**Exercise**
Write the listing below out again in full, dropping its pictures.

**Given data**
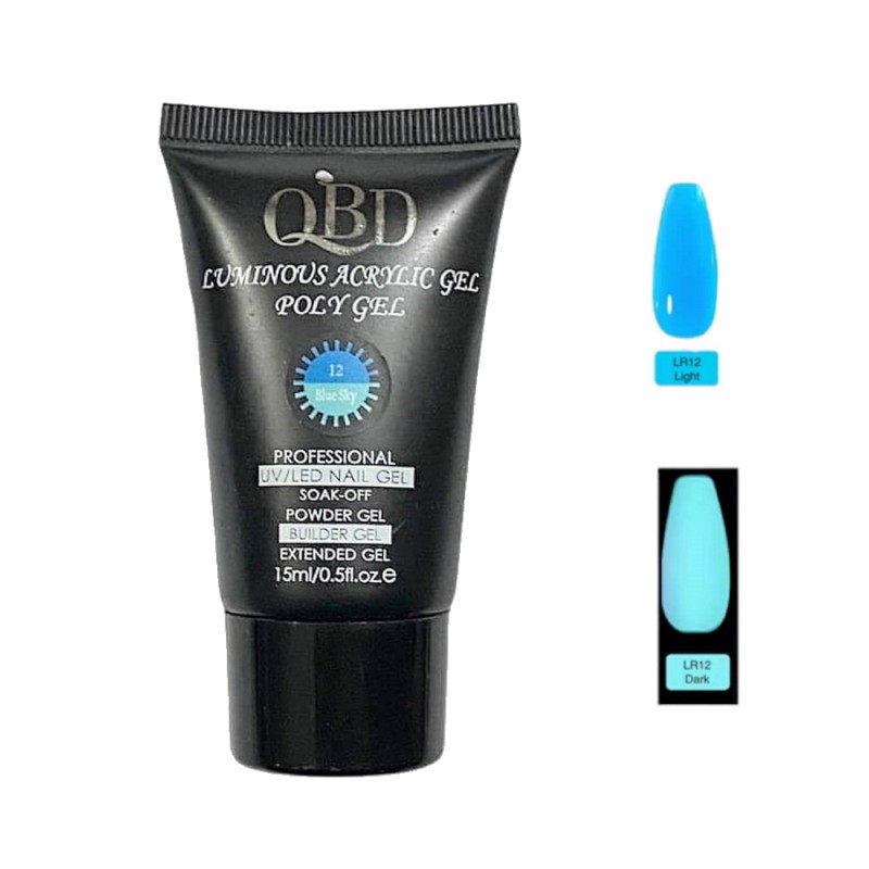 QBD Luminous Acrylic Gel Polygel N. 12 Blue Sky UV & LED 15ML
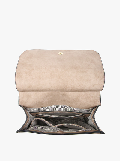 Contrast Crossbody w/ Guitar Strap features monogrammable, flapover snap closure, detachable/non-adjustable guitar strap, inner zip and slip pockets, back zip pocket, decorative tassel
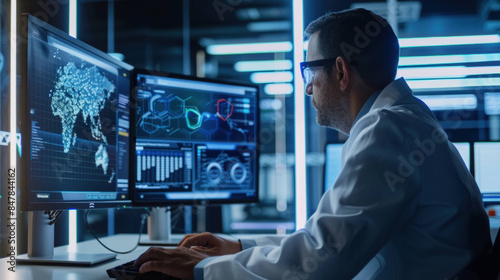 Futuristic Technology Concept - Scientist Analyzing Data with AI Algorithms on Computer Screen
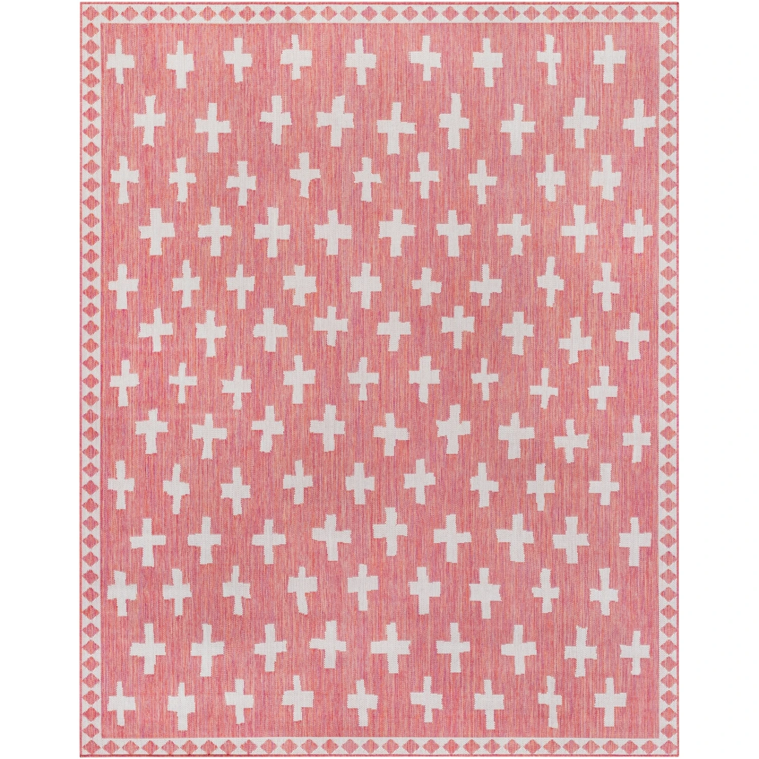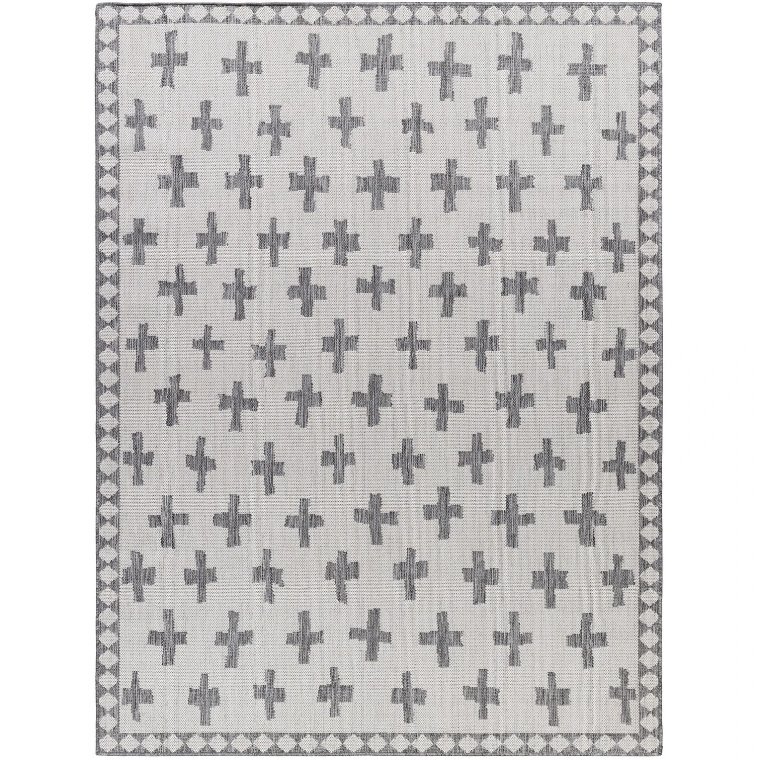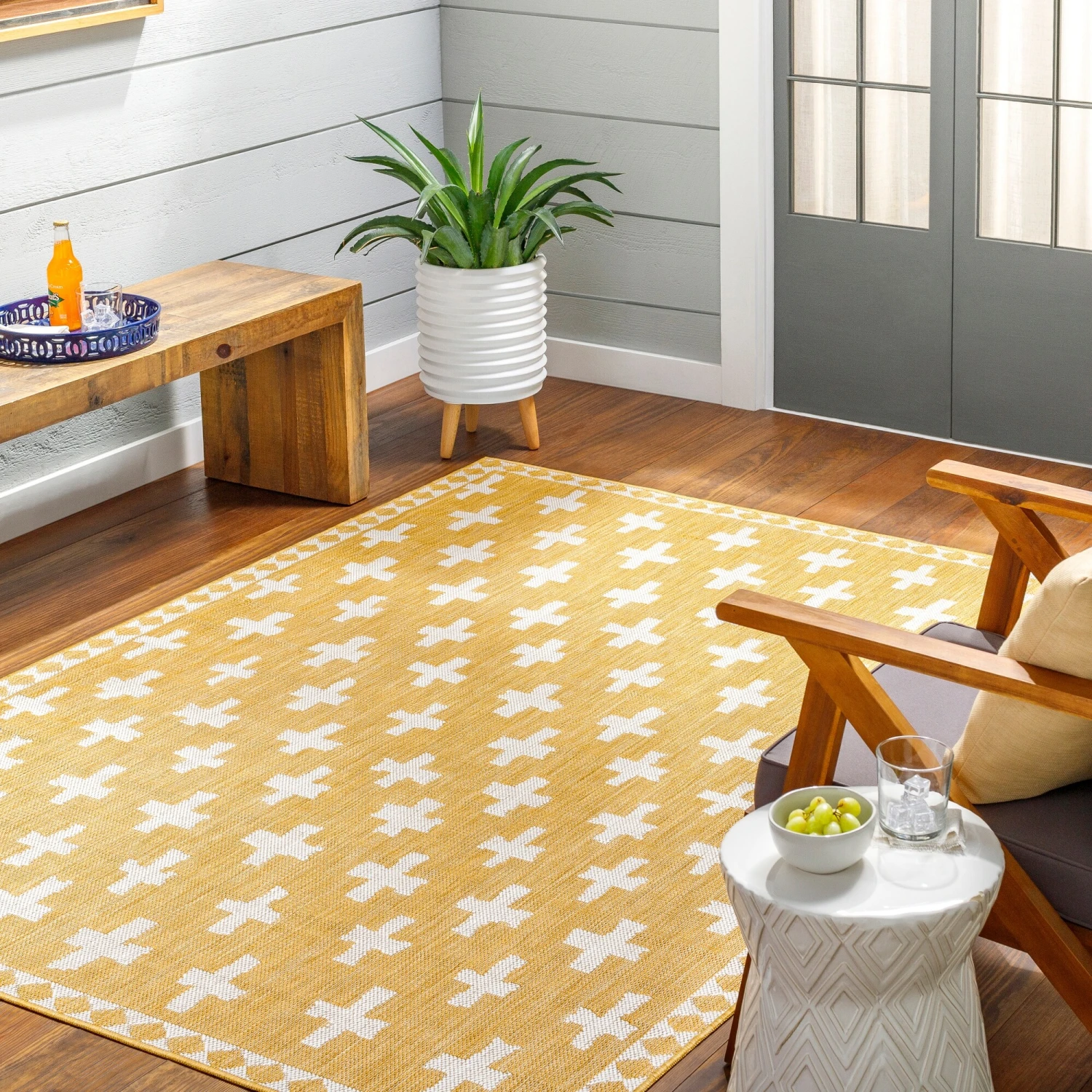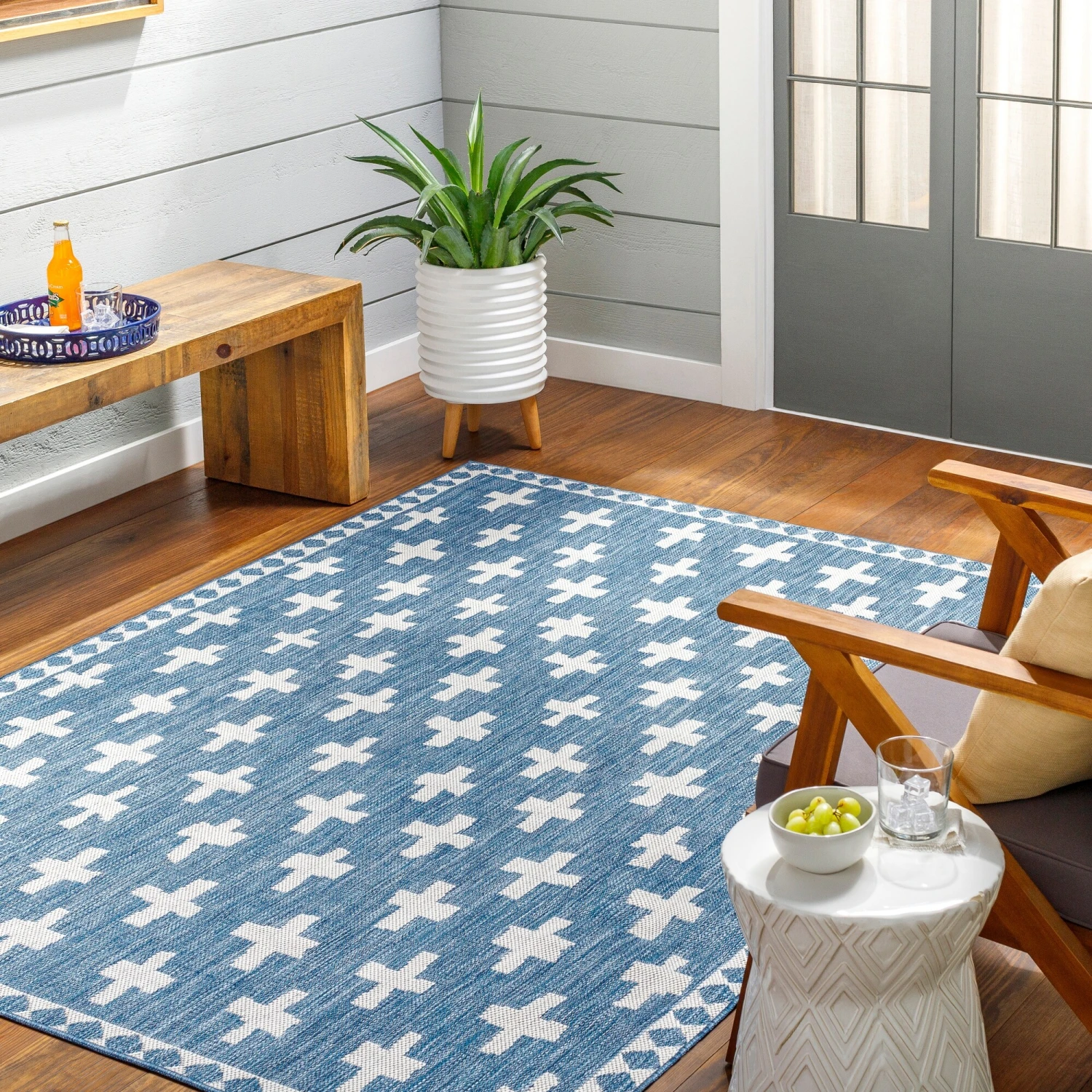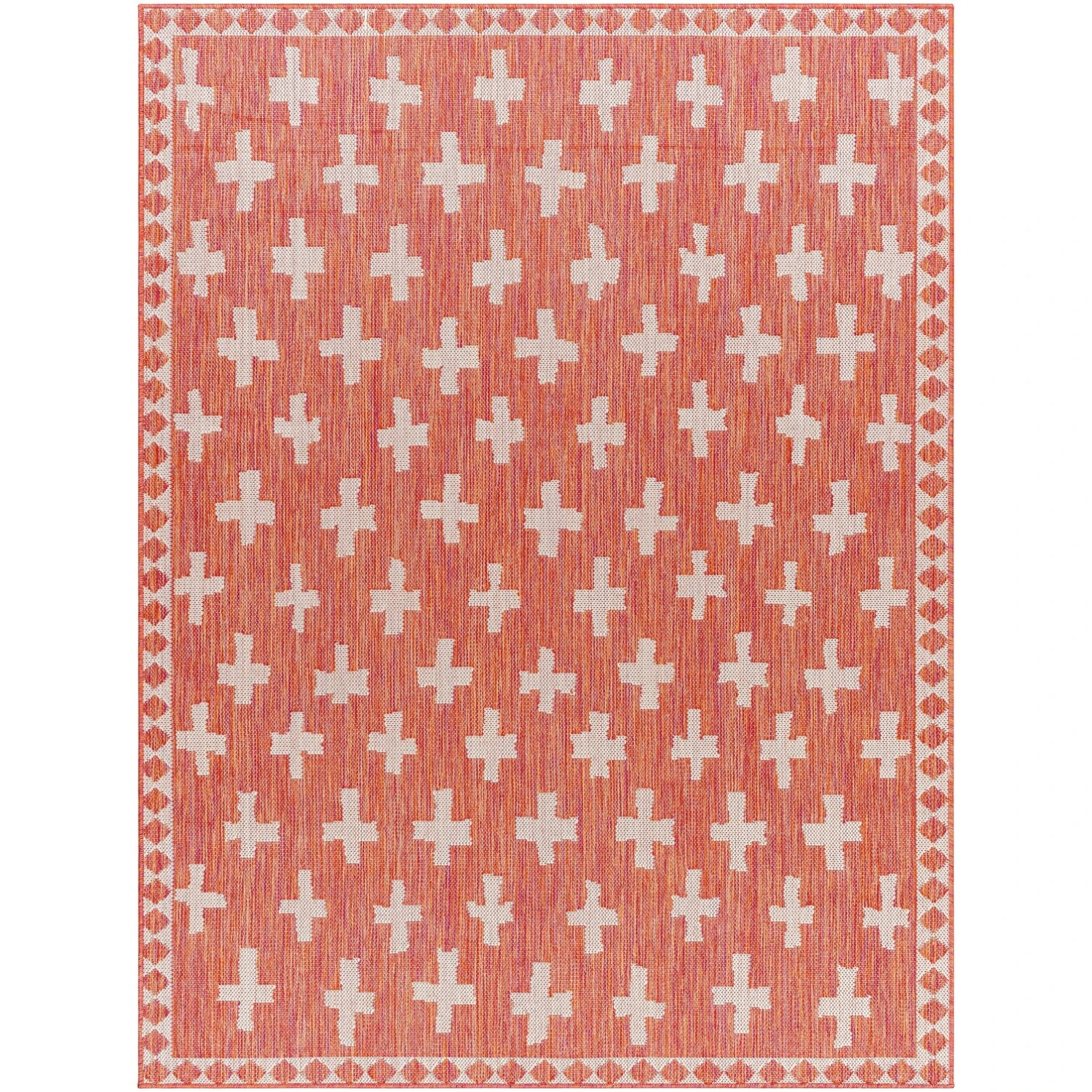 This outdoor-safe, high-performance rug from the Boronia collection soars with style, exhibiting a bold pattern of triangle motifs and geometric elements. This striking accent complements rooms and patios designed in a modern, global, or casual aesthetic. Machine woven in Turkey of 100% Polypropylene with no pile, this rug is suitable for high-traffic areas such as patios, entryways, hallways, and living areas. Easy to clean and durable, this rug is perfect for homes with small children or pets and can easily transition for use inside or outside the home. Spot clean only, or rinse with a garden hose. The use of an outdoor rug pad is recommended.

**Response box**
 QBD Luminous Acrylic Gel Polygel N. 12 Blue Sky UV & LED 15ML
 Contrast Crossbody w/ Guitar Strap features monogrammable, flapover snap closure, detachable/non-adjustable guitar strap, inner zip and slip pockets, back zip pocket, decorative tassel
 Futuristic Technology Concept - Scientist Analyzing Data with AI Algorithms on Computer Screen
 This outdoor-safe, high-performance rug from the Boronia collection soars with style, exhibiting a bold pattern of triangle motifs and geometric elements. This striking accent complements rooms and patios designed in a modern, global, or casual aesthetic. Machine woven in Turkey of 100% Polypropylene with no pile, this rug is suitable for high-traffic areas such as patios, entryways, hallways, and living areas. Easy to clean and durable, this rug is perfect for homes with small children or pets and can easily transition for use inside or outside the home. Spot clean only, or rinse with a garden hose. The use of an outdoor rug pad is recommended.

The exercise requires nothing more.